Ini Alasan Dilarang Keras Nyetir Saat Mabuk, Bisa Hilangkan Nyawa

Minuman keras atau minuman beralkohol bisa menurunkan konsentrasi pengemudi.

Dok. Freepik
Seorang pria mabuk saat menyetir mobil (ilustrasi). Ada banyak alasan mengapa dilarang keras menyetir kendaraan saat mabuk.
Rep: Adysha Citra Ramadani Red: Qommarria Rostanti

REPUBLIKA.CO.ID, JAKARTA -- Menyetir kendaraan dalam kondisi mabuk bisa membahayakan keselamatan diri sendiri dan orang lain. Belum lama ini misalnya, seorang pengendara ojol tewas setelah ditabrak oleh mahasiswa yang berkendara dalam kondisi mabuk akibat minuman beralkohol. Mengapa minuman beralkohol bisa mengacaukan kemampuan berkendara secara signifikan?

Baca Juga


Secara umum, alkohol merupakan senyawa yang bila dikonsumsi dapat menurunkan fungsi otak, mengganggu kemampuan berpikir dan bernalar, serta menghambat koordinasi otot. Ironisnya, semua keterampilan tersebut sangat dibutuhkan untuk mengemudikan kendaraan dengan aman.
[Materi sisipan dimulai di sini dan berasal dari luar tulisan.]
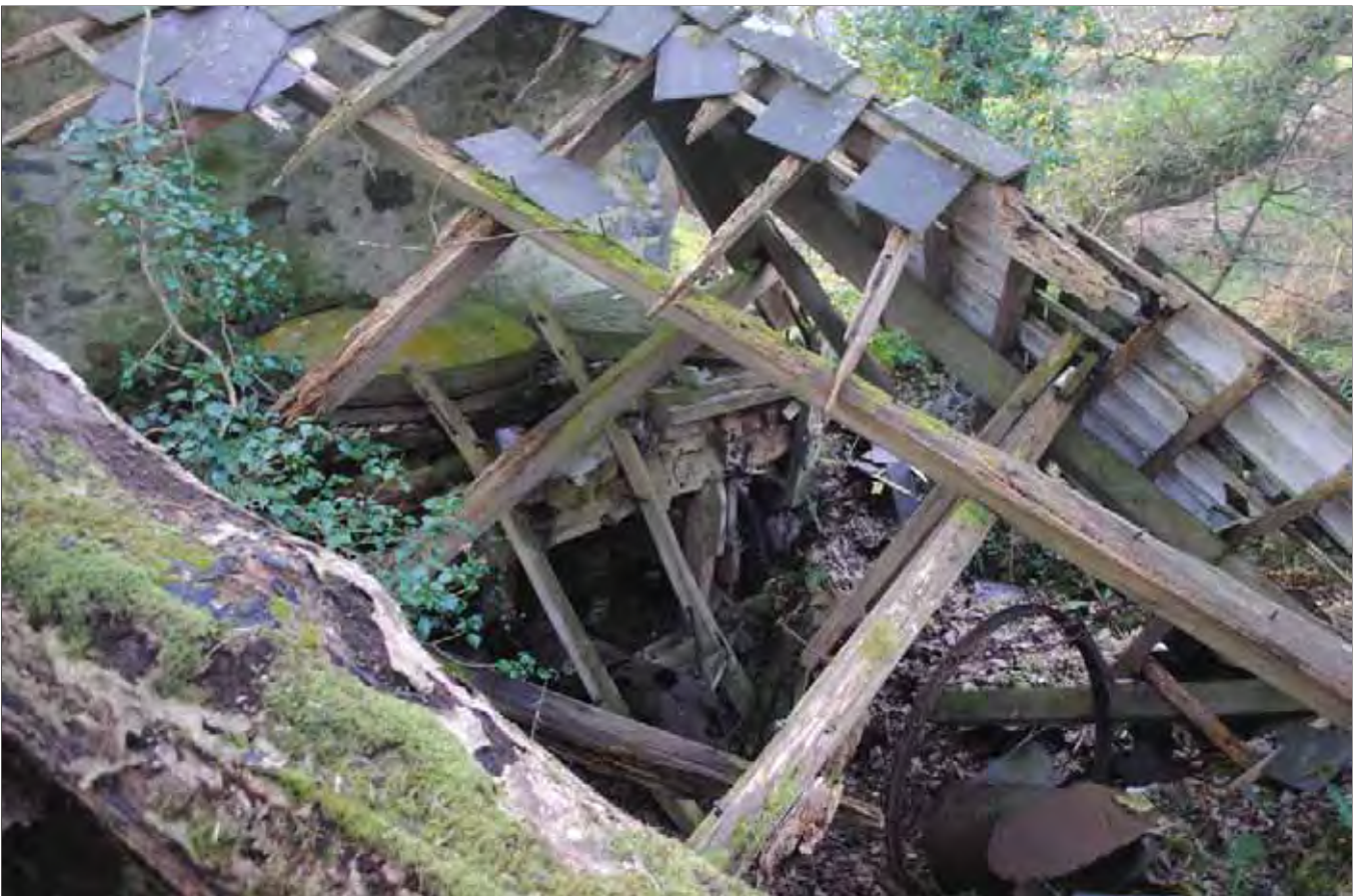
Plate 04: Felin Trygarn from the West, shwing the remains of the Hurst Frame and two millstones
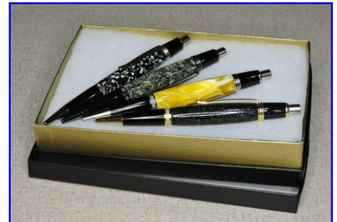
Paul Pyrcik - Four Click Pens Acrylic - Acrylic Polish

Ketika alkohol dikonsumsi, alkohol akan diserap secara langsung melalui dinding-dinding lambung dan usus halus. Setelah itu, alkohol akan masuk ke aliran darah dan terakumulasi sampai alkohol dimetabolisme oleh organ hati.

"Ketika kadar alkohol meningkat di dalam sistem peredaran darah seseorang, efek negatifnya pada sistem saraf pusat akan meningkat," jelas National Highway Traffic Safety Administration (NHTSA) melalui laman resminya, seperti dikutip pada Rabu (3/4/2024).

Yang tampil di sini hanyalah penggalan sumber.